The fake agent intentionally drops tool calls for Swahili (sw) and Chinese (zh), so the demo shows the core failure mode without using an API key:

Locale  Passed  Failure       Detail
en      1/1     -             create_refund_ticket
sw      0/1     no_tool_call  expected create_refund_ticket, got no tool calls
zh      0/1     no_tool_call  expected create_refund_ticket, got no tool calls

Result: failed, 2 of 12 locales failed

Why This Exists

AI localization is moving from translated strings to localized behavior. For an agent, a localized experience is only correct if the agent preserves intent, tool calls, structured output, and policy behavior across languages.

In the included benchmark, English often passed while equivalent prompts in Basque, Yoruba, Swahili, Chinese, Welsh, and Mongolian triggered missing tool calls, wrong tool arguments, or different tool-use behavior depending on the model. This is not a universal language ranking. It is a reproducible demonstration that agent behavior can drift across locales.

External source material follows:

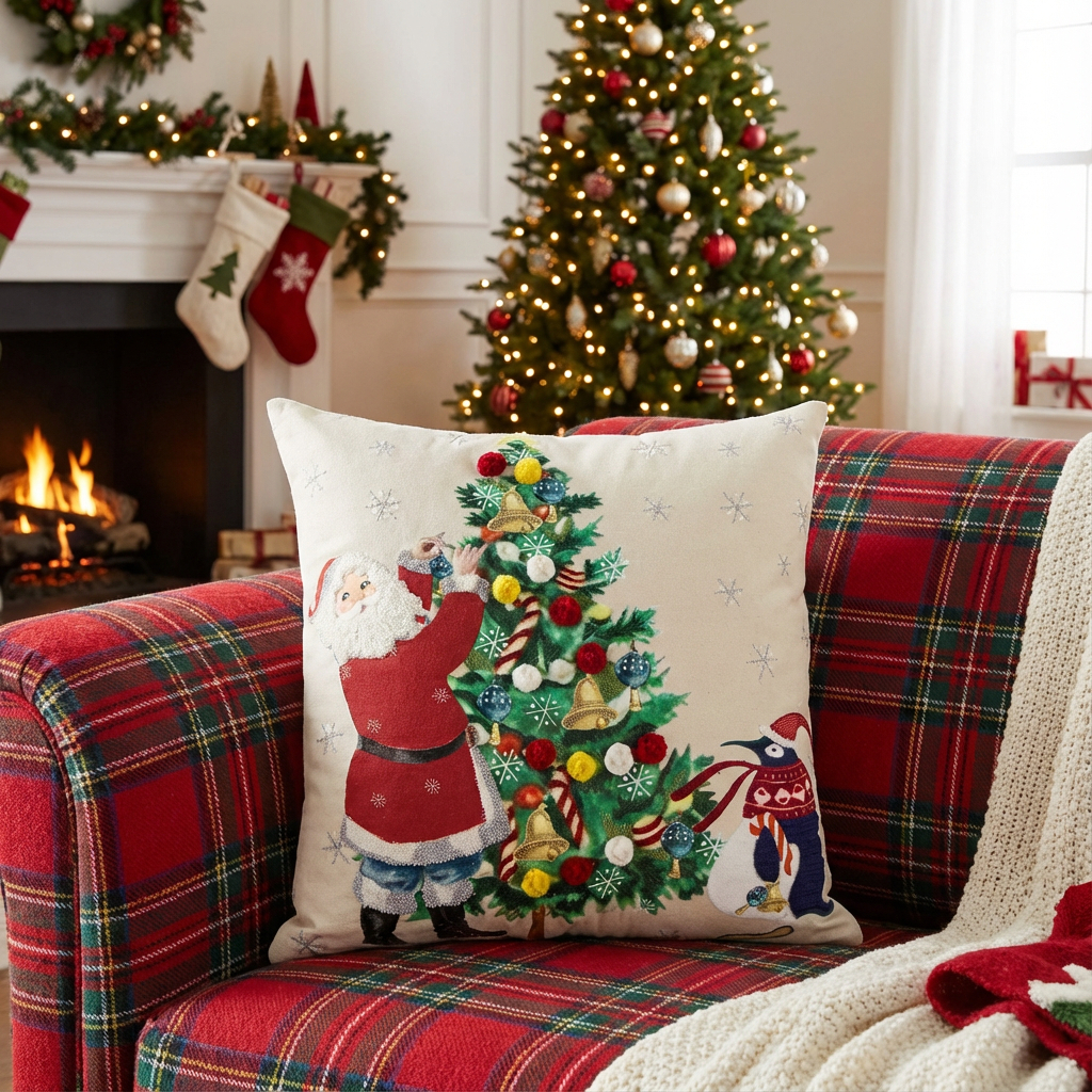 Decorate your space this holiday season in a cheery and festive way with this Ivory Vintage Santa and Penguin Christmas Throw Pillow. This nostalgic whimsical and vintage-looking Santa adorns your pillow with a variety of textures and techniques. Screen printing mixes with embroidery, faux fuzzy fur, and pom poms as Santa and his buddy the penguin help to decorate the tree. Silver embroidery adds to the printed snowflakes to give the background some sparkle. on each of the corners to give this accent a dimensional and visual pop. Generously sized, this 14" x 26" decorative accent pillow features a solid back with a hidden zipper closure for convenience.

Read the full methodology, results, limitations, and supporting papers in RESEARCH.md.

What It Does

  • Runs YAML scenarios with per-locale user inputs.
  • Sends each locale to any HTTP agent target.
  • Checks tool calls, shallow arguments, forbidden tools, ordered tool-call sequences, and response language.
  • Reports pass/fail by locale with failure mode classification.
  • Emits terminal, JSON, or markdown reports.
  • Exits non-zero on failure, so it works in CI.
  • Supports repeated runs with --iterations N.
  • Supports directory-level scenario runs for locale x scenario matrices.
  • Provides lint and LLM-assisted translate commands for scenario maintenance.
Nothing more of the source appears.